Шрифт:
С Алексеем у Тони сложились особые отношения. Когда Тоня была маленькой, Алексей мог заниматься с ней целыми днями. Он возил ее на себе верхом, скакал с ней через веревочку, играл в камешки и в «школу мячиков», чертил «классы» с «котлом» и «адом». Десяти лет Тоня с помощью Алексея научилась бегать на коньках и на лыжах, пятнадцати лет — стрелять из отцовского дробовика, ставить переметы и жерлицы, крутиться на турнике и прыгать через «козла».
И только к этому времени Алексей перестал стесняться своих дружеских отношений с сестрой. Прежде он играл с ней в глубокой тайне от взрослых и особенно от приятелей-мальчишек. «Классы» чертили за дровяным сараем, игра в камешки происходила в зарослях бузины и малины. Стоило появиться вблизи постороннему — Алексей тотчас из равноправного Тониного партнера превращался в ее сурового старшего брата. Делал, словом, такой вид, будто там, за сараем или в малиннике, он очутился только для того, чтобы по поручению матери присмотреть за сопливой девчонкой.
А Тоня, напротив, никогда не скрывала своих чувств к брату, он был для нее самым высоким авторитетом на свете, — пожалуй, более высоким, чем отец, Илья Матвеевич.
На внешние знаки внимания к сестре братец был не слишком щедр. Впервые так случилось, что он снизошел до подарка ко дню ее рождения.
— Алеша, милый! Да ты дурачок! — Тоня развернула сверток и так стремительно бросилась брату на шею, что на этот раз он не успел отстраниться. Он только по мальчишеской привычке отер ладонью щеку там, где ее коснулись Тонины губы.
С этого дня в Тониной жизни начались перемены. Поставив подарок Алексея — красивую большую коробку, обтянутую голубым шелком, — на комод, перед круглым зеркалом в раме из деревянных, черных от времени роз и листьев, Тоня почувствовала себя взрослой. Такие же коробки с флаконами духов и пестрыми пудреницами — но, конечно же, конечно, менее красивые! — были и у Лиды, и у Дуняшки. Тоня вырастала в собственных глазах.
— Антонина Ильинична Журбина! — сказала она своему отражению в зеркале. — Вы вступаете в жизнь. Будьте счастливы, Антонина Ильинична.
— Что верно, то верно.

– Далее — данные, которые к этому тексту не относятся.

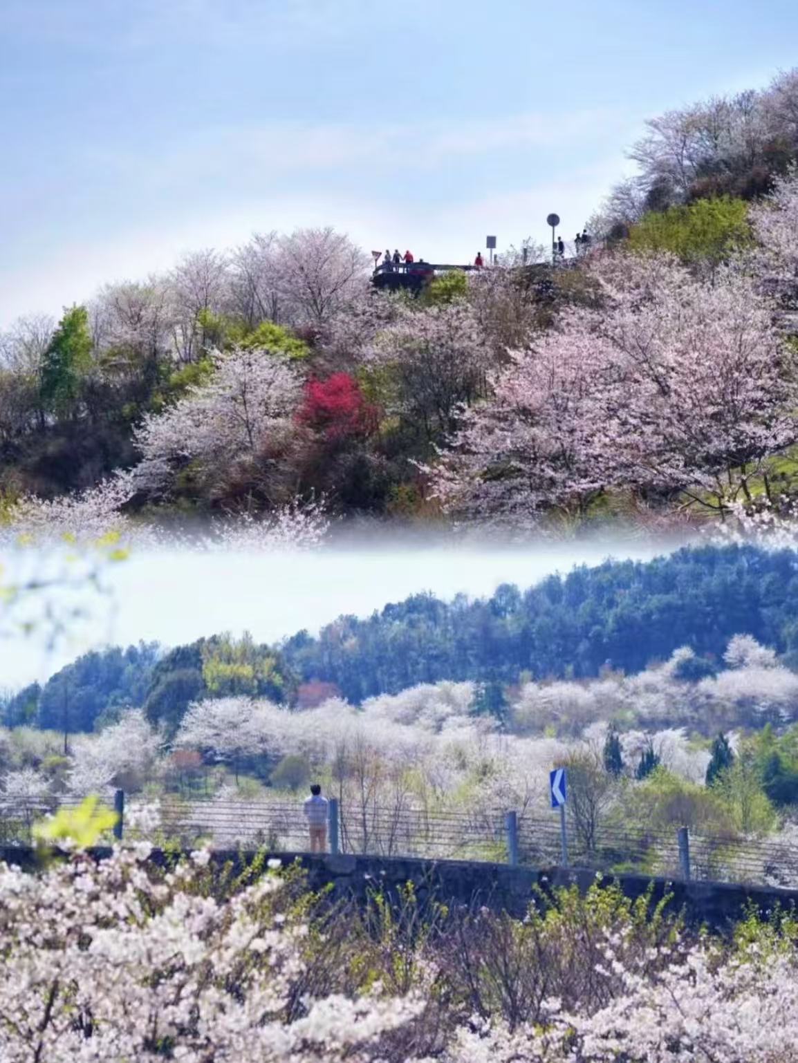 要看四明大桥的樱花可以登上徐凫岩玻璃栈道 虽然看不到发夹弯那边 不过也能感受到上帝视角的樱花盛宴

Будь, внучка, счастлива.
Тоня повернулась на каблуках. Позади нее стоял дед Матвей, тихо подошедший в валенках. Смущенная, она уткнулась лицом в его куртку, от грубой ткани которой пахло железом, смолой, суриком — кораблями. Дед Матвей поцеловал Тоню в голову, погладил по плечам:
— Много его, счастья-то, прошло мимо людей, не каждому оно доставалось.
Дедова солдатская койка стояла в углу за платяным шкафом. Откинув угол одеяла из разноцветных лоскутьев, он опустился перед нею на колено и выдвинул из подкроватной тьмы зеленый сундучок с гремучей, из железного прута, скобой на крышке.

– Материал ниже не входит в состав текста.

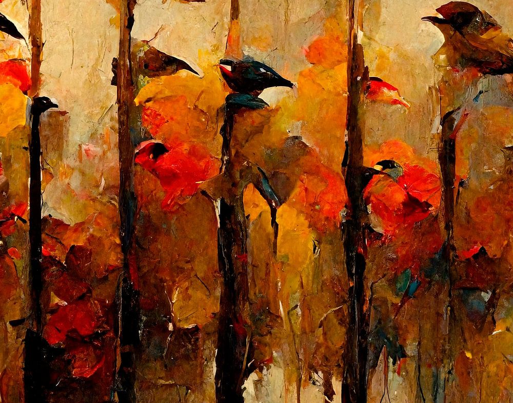 Ein farbenfrohes Gemälde, das den Frieden und die Lebendigkeit der schönen Natur an einem schönen Sommer-Herbst-Tag darstellt.
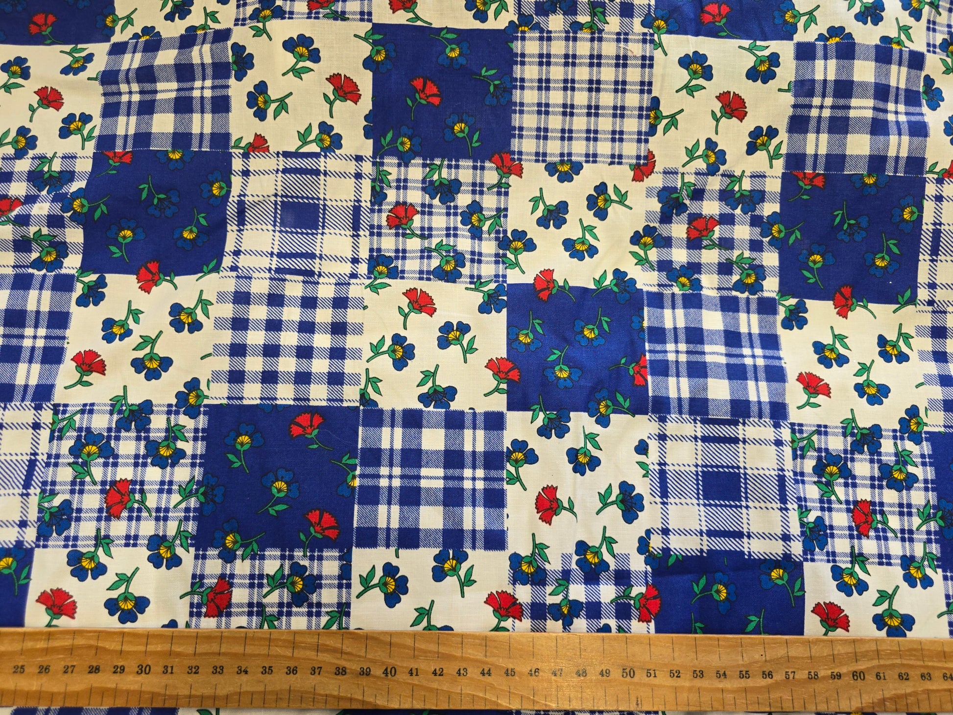 In red with teddy bears, flowers and hearts in an English patchwork design

Сундучок этот был очень старый, он сопровождал деда Матвея во всех его морских походах по дальним странам, и тот, кто его открывал, на внутренней стороне крышки видел жуткую картину в красках, которая называлась «Последний день Помпеи». Вырезав когда-то картину из журнала «Нива», дед приклеил ее хлебным клейстером — и то, с чем не справился разбушевавшийся вулкан, довершили прожорливые корабельные тараканы. Они отгрызли руки полуобнаженным помпеянкам, мечущимся в багровых отсветах под градом камней и дождем пепла, жадно въелись в торсы и бедра жилистых мужей. От тараканьего вмешательства страшная картина стала просто ужасающей.
Никто в семье не дотрагивался до этого заветного сундучка. Только Алексей, когда Тоне было лет пять-шесть, подзовет иной раз ее к дедовой постели, вытащит сундучок, распахнет крышку и крикнет: «Ага!..» Тоня пугалась и ревела.

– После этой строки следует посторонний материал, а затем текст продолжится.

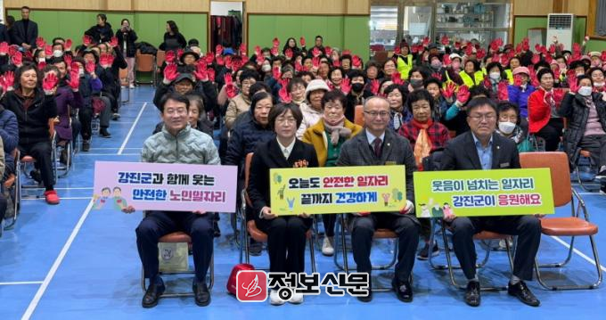 강진원 강진군수는 축사를 통해 “노인일자리 사업은 어르신들의 소득 지원을 넘어, 지역사회와 함께 활력을 만들어가는 중요한 정책”이라며 “무엇보다 중요한 것은 안전인 만큼, 오늘 함께 다짐한 안전수칙을 일자리 활동 기간 동안 반드시 지켜주길 바란다”고 말부했다.

Дед порылся в сундучке, согнутой спиной заслоняя его содержимое от Тониных глаз, вытащил квадратную корзиночку, сплетенную не то из тонкой соломы, не то из каких-то желтых волокон, подержал ее молча в руках и подал Тоне. В корзиночке, свернутое кольцом, лежало ожерелье из голубых и розовых раковин. Прошло чуть ли не полвека с того дня, когда Матвей Журбин купил его на базаре в Порт-Саиде, но тонкие, нежные краски, рожденные в глубинах южных морей, не потускнели.
Царапая кожу жесткими, как напильники, пальцами, дед Матвей сам надел на Тонину шею ожерелье и защелкнул медный замочек.
— Совсем цыганка! — воскликнула Тоня, взглянув на себя в зеркало. Она обняла деда и шепнула ему на ухо: — Это бабушкино?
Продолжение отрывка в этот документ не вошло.